The first question is: in which cities are broadband subscription rates highest? With a single API call, you can get the populations and broadband subscription rates for every Census “place” or Metro area in the US, from the American Community Survey. That is super easy, and we can retrieve analogous estimates for any geography in the US: states, counties, Census tracts, congressional districts, etc. Using these calls, we see that for either cities or metro regions, Seattle tops out the list. The list for metro regions is above.
A Theoretical Issue: How to Define the City?
But we already have an important subtlety to address: how to define cities? Census places or “cities” are jurisdictions. Metro regions are a functional description of how we actually live. Our choice of geography to examine will affect the answers we get. The share of households without broadband is modestly higher in cities than metro regions: 14.9% of households in New York City don’t have home broadband, but that number falls to 12.2% in the metro region. Because poverty is usually higher in cities, this effect appears in most regions. For instance, Philly dips from 15.8% to 11.0% and the numbers in Chicago fall from 16.4% to 12.3%.
Cities are boundaries by which a “we” both living and dead has agreed to divvy up, or segregate, America: what representation and tax burdens we accept or refuse to share. If we want to “blame” someone for poor performance, we can use “Census place” numbers to point fingers at the mayor’s office. But doing this, while partially appropriate in a democracy, would understate the digital divide: it is often starker than the place-based numbers indicate. The people who can afford to live outside the city limits and choose to do so are more likely to be online.

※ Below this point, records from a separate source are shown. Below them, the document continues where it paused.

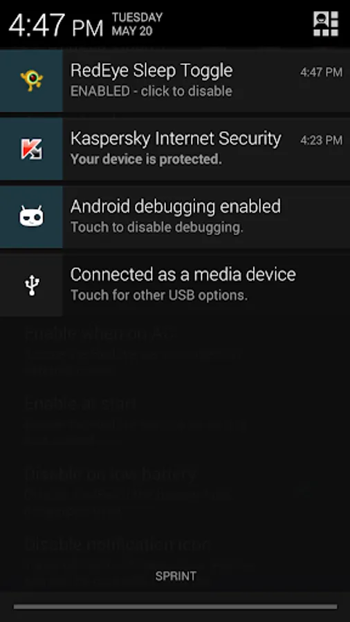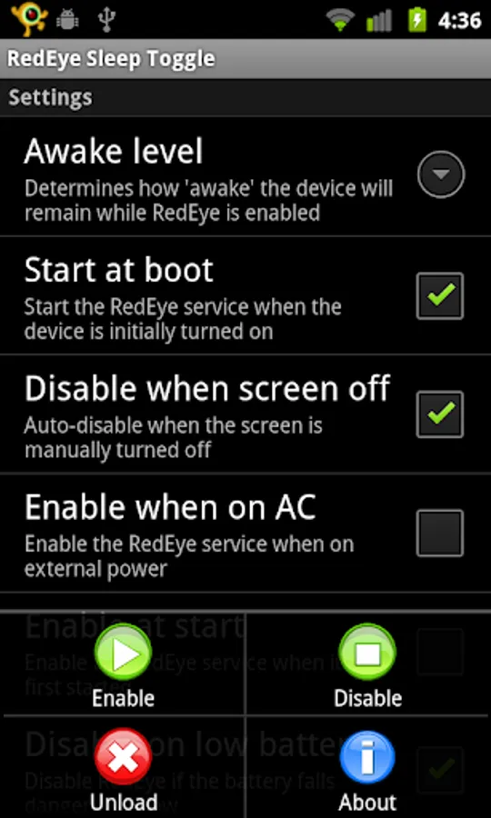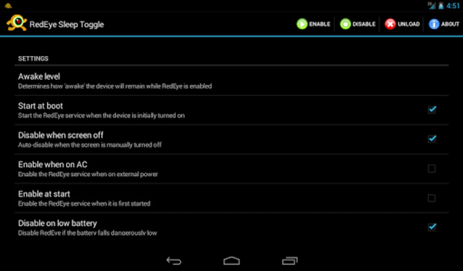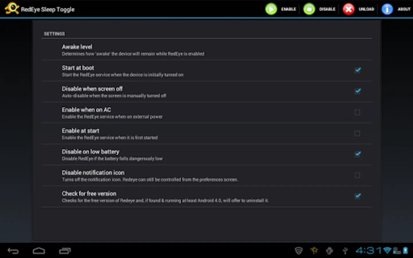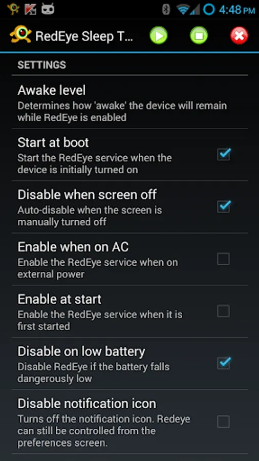 RedEye allows your phone or tablet to stay awake by preventing it from going into sleep mode regardless of whatever apps are also running. It allows you to quickly and easily turn on & off automatic sleep mode without having to dig through the configuration menus.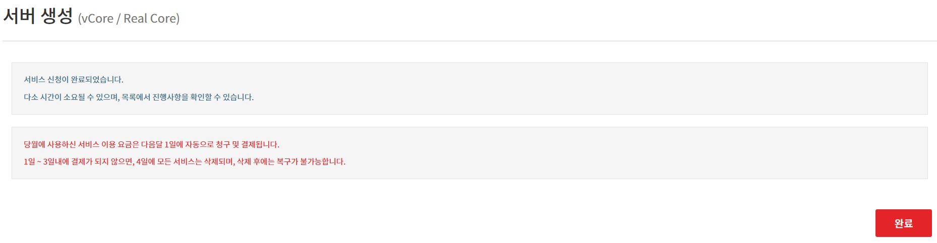 서버 생성 작업을 완료했습니다.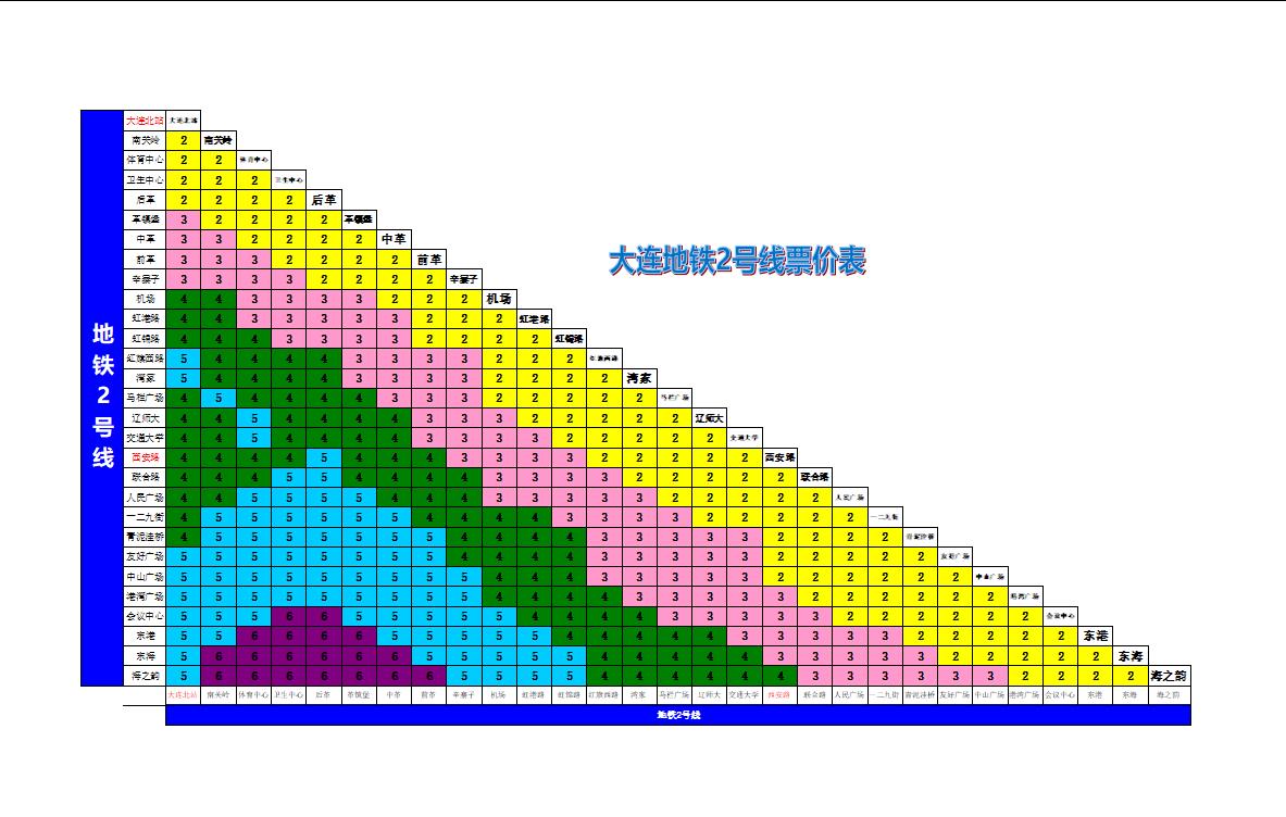 大连北站—南关岭—体育中心—卫生中心—后革—革镇堡—中革—前革—辛寨子—机场—虹港路—虹锦路—红旗西路—湾家—马栏广场—辽师大—交通大学—西安路—联合路—人民广场—一二九街—青泥洼桥—友好广场—中山广场—港湾广场—会议中心—东港—东海—海之韵

In this post, I’ll focus on estimates for metro regions. But the reason is as much technical and practical as conceptual (the notion of responsibility, above). The technical reason is that the Census does not release “microdata” (individual responses) for individual cities, but it does release them for metro areas. We have no choice about the geography.
Absolute Differences Between Groups
Our next question is: who gets access, and who doesn’t? Although the Census API does break down broadband estimates by age, income, and educational attainment (in very broad categories) it does not do this for race, ethnicity, or gender. These are the categories we’ll examine here.
Doing so requires us to use Public Use Microdata Samples (PUMS) from the Census. PUMS are the individual responses from that people gave to the American Community Survey. They are also now accessible through an API, but while that API does include race as a queryable variable, and can tabulate results for us, it does not include any geography finer than state. (Example tabulation for Illinois.)
We can download the full data from Integrated Public Use Microdata Samples (IPUMS) service at the University of Minnesota. Accounts and data are free but the license requires you to download your own data extract. To make progress, we’ll also have to write some code: this is wrapped up in this repo.
The second set of columns above thus show the difference in the shares of people with broadband access, in each Metro region, between three groups:
- Black and non-Black respondents
- Hispanic and non-Hispanic respondents, and
- Women and men
In the table above, these differences are shown in the columns ΔRace, ΔEthn., ΔSex.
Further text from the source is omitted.